United Services Portsmouth RFC are a Rugby Union club based in Portsmouth, England. The club was founded in 1882 and play their home games at the United Services Recreation Ground.
==History==
United Services Portsmouth RFC was founded in 1882, there being records of the club from that date With the exception of the 1884–85 season and the War Years, the club has unbroken records of fixtures. At the beginning of the twentieth century the club found it hard to gain support from service players, because it was considered necessary to turn out for civilian clubs to get first-class games. However, in 1902 the United Services Recreation Ground began to give financial support to the club to stimulate interest and by the time a Royal Navy Rugby Union was formed in 1906 the club was performing strongly with an excellent reputation and equally strong fixture list. It was described by Wavell Wakefield in the 1930s as one of the strongest clubs in the country. This dominance was helped in no small part by the continued sponsorship of the Royal Navy. Until the start of league rugby, the fixture list boasted the elite of domestic football (including Bath, Leicester, Harlequins, and Saracens).
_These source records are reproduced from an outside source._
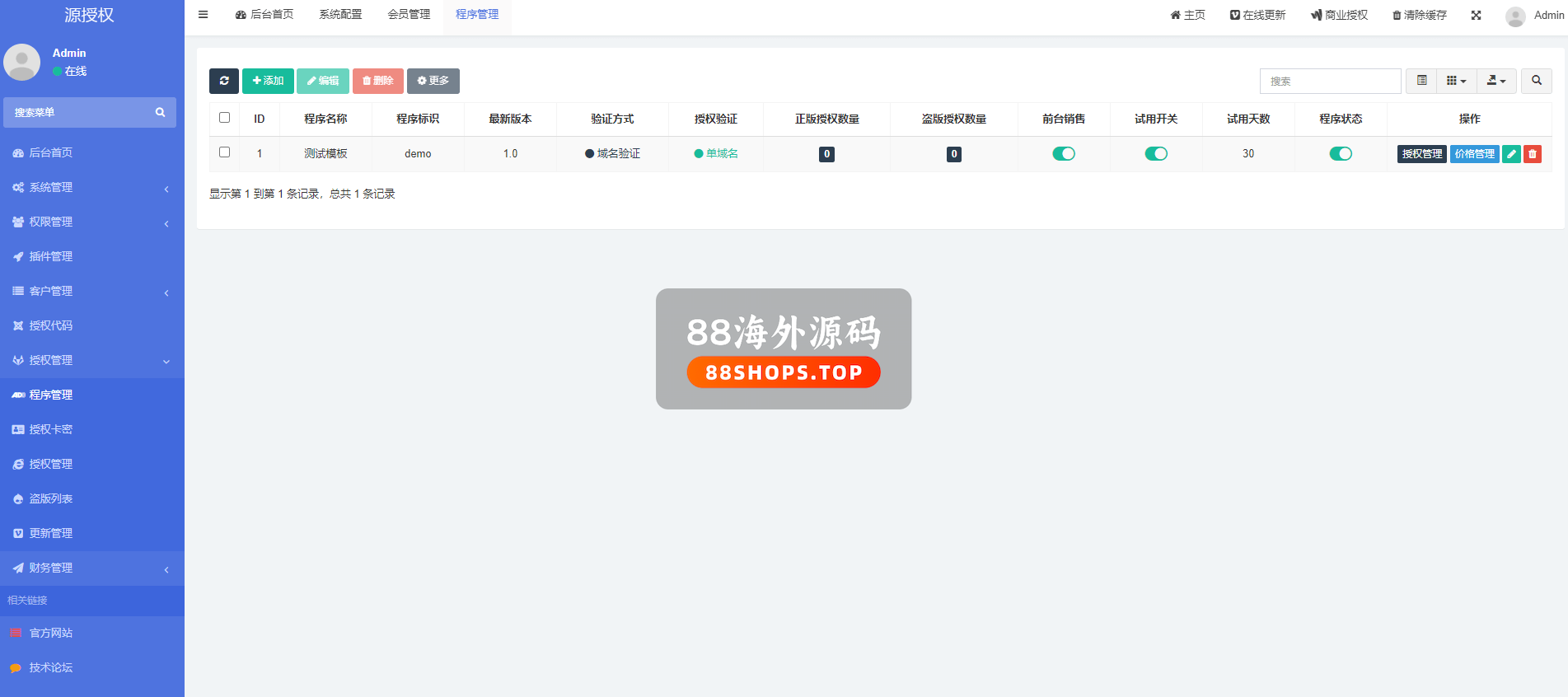 源授权是一款全新架构的授权系统.采用ThinkPHP 5.0开发,内置各种强大的功能,邮件管理,腾讯云短信、阿里云短信等.后台强大简洁,使用方便快捷,支付模块集成易支付功能,前台支持自助购买和操作管理授权! 搭建一个网站的标配包括了服务器和域名 (源授权不支持虚拟主机)强烈建议使用:[服务器](标准版、系统选Centos、其他配置默认即可后续可升级配置),刚入门选择最低配置或者活动机器均可。 服务器环境要求的配置:PHP 7.2+ 和 Mysql 5.6(推荐使用linux版本宝塔进行管理搭建,完美) 支付接口集成了易支付 前台可使用卡密授权激活 支持多程序在线自助授权 短信集成腾讯/阿里云短信 支持前台在线充值支付购买 快捷登录方式集成了QQ/微信/微博 可自行对管理权限进行补差价升级 安全 稳定 简约 新UI · 告别繁琐操作 多端授权 · 一站多控 · 授权统一管理方便快捷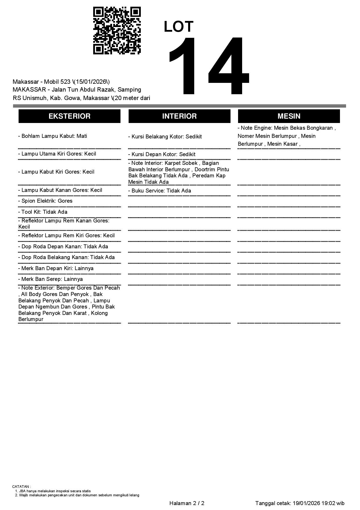 1. Peserta lelang wajib cek unit & dokumen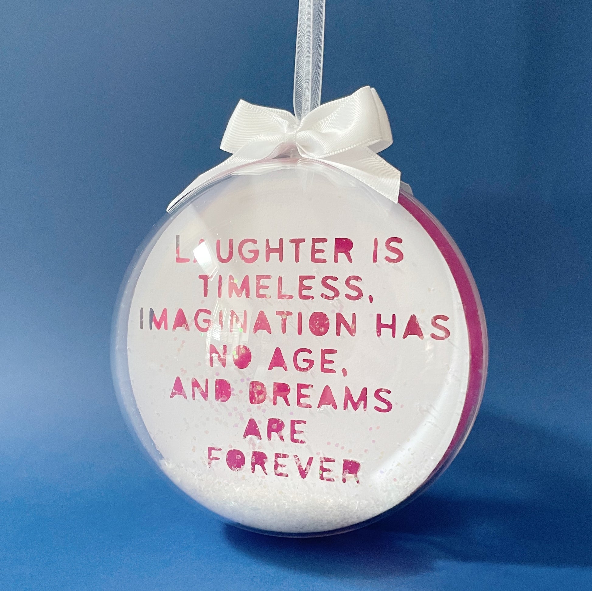 Text on the back of the bauble reads 'Laughter is timeless, imagination has no age, and dreams are forever'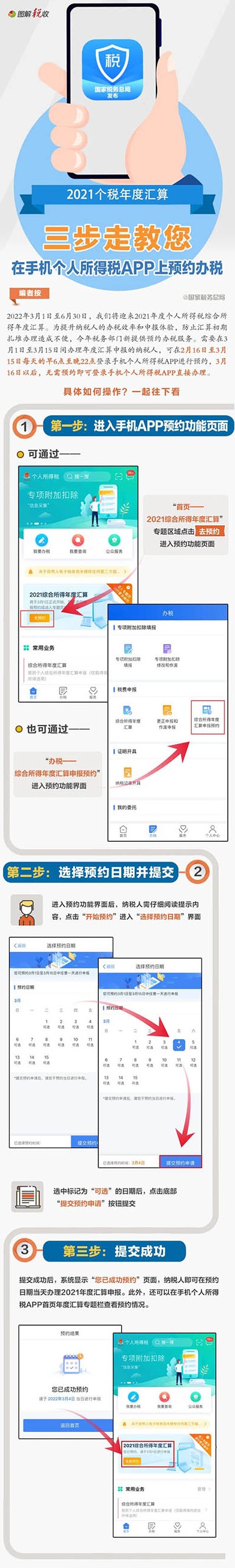3월 1일부터 3월 15일사이 년도결산신청을 취급한 납세자들은 2월 16일부터 3월 15일 매일 아침 6시부터 저녁 10시까지 휴대폰 개인소득세어플에 진입해 예약을 하면 되고 3월 16일 이후에는 예약없이 직접 휴대폰 개인소득세어플에 로그인해 취급하면 된다.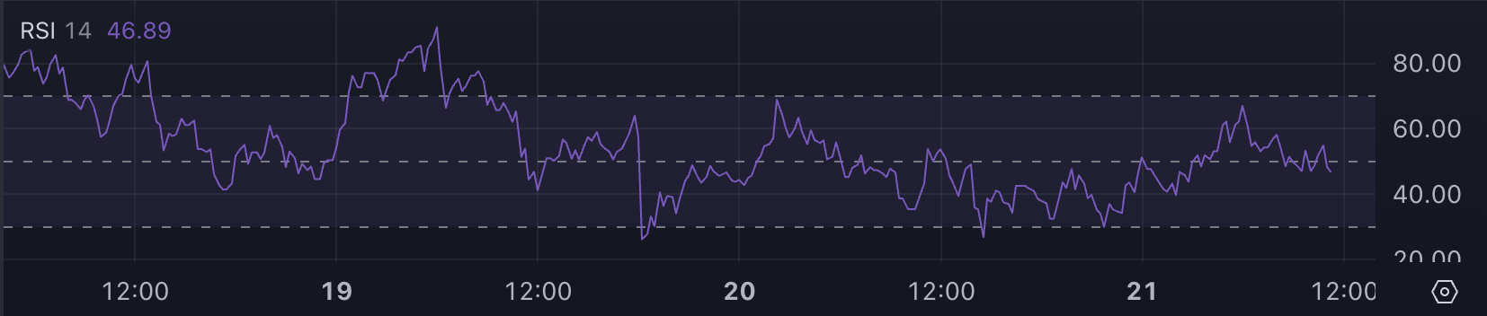 Relative Strength Index (RSI) on tekninen indikaattori, jota käytetään mittaamaan hintaliikkeiden nopeutta ja suuruutta markkinatunnelman arvioimiseksi. Se vaihtelee 0:sta 100:aan, ja arvot yli 70 viittaavat yliostettuihin olosuhteisiin, jotka usein edeltävät hinnan korjausta, ja arvot alle 30 viittaavat ylimyytyihin olosuhteisiin, mikä voi viitata mahdolliseen palautumiseen.
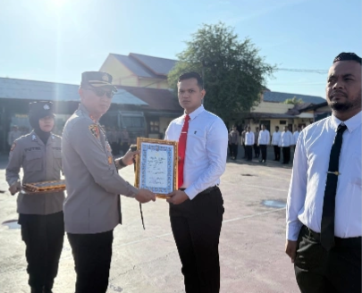 Pada kesempatan tersebut, sebanyak 23 personel Polres Pidie menerima piagam penghargaan dari Kapolres Pidie atas dedikasi dan prestasi mereka dalam melaksanakan tugas kepolisian.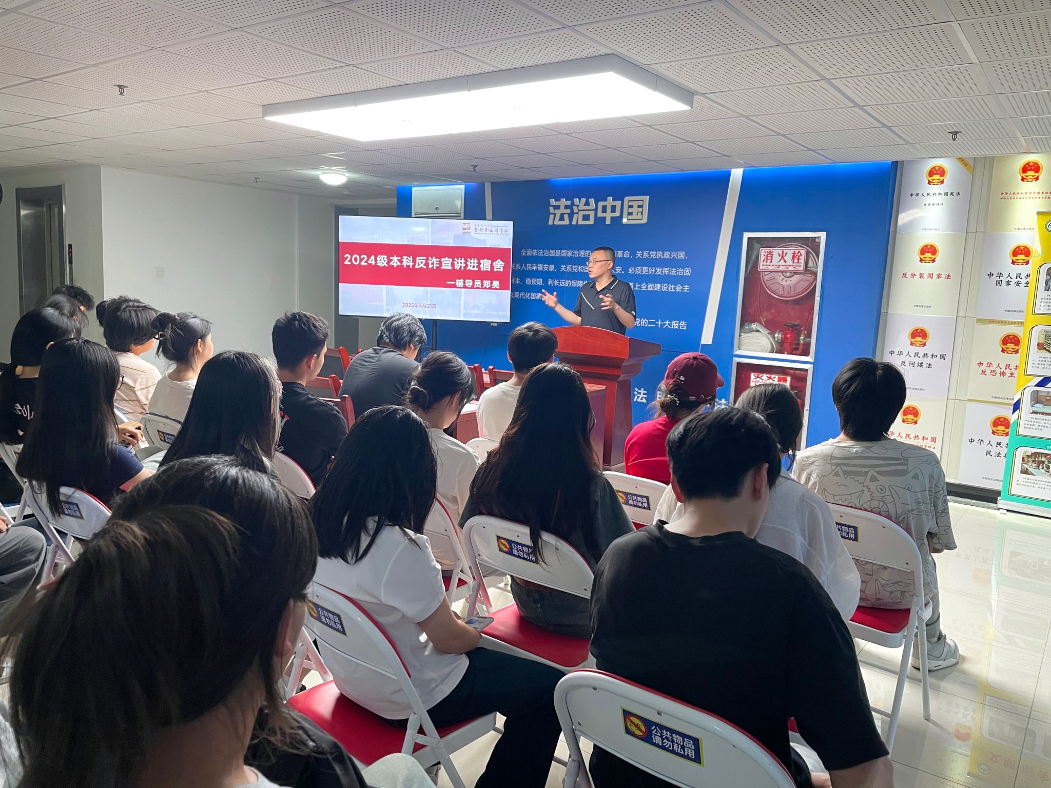 为全面提升员工防诈骗意识,构建安全平安校园,太阳成tyc122cc于5月21日晚,在“一站式”员工社区召开反诈宣讲座谈会,会议由辅导员郑昊主持,全体2024级安全信息员参加。

In the professional era, the club no longer features as a first-class side. The early twenty-first century saw the club fielding three squads, The Bulldogs, Buccaneers and Crusaders. In order to shore up numbers the club is open to civilians. This results in a club that boasts a combination of players from the Royal Navy, Army, Air Force, local Civilians and Students from Portsmouth University.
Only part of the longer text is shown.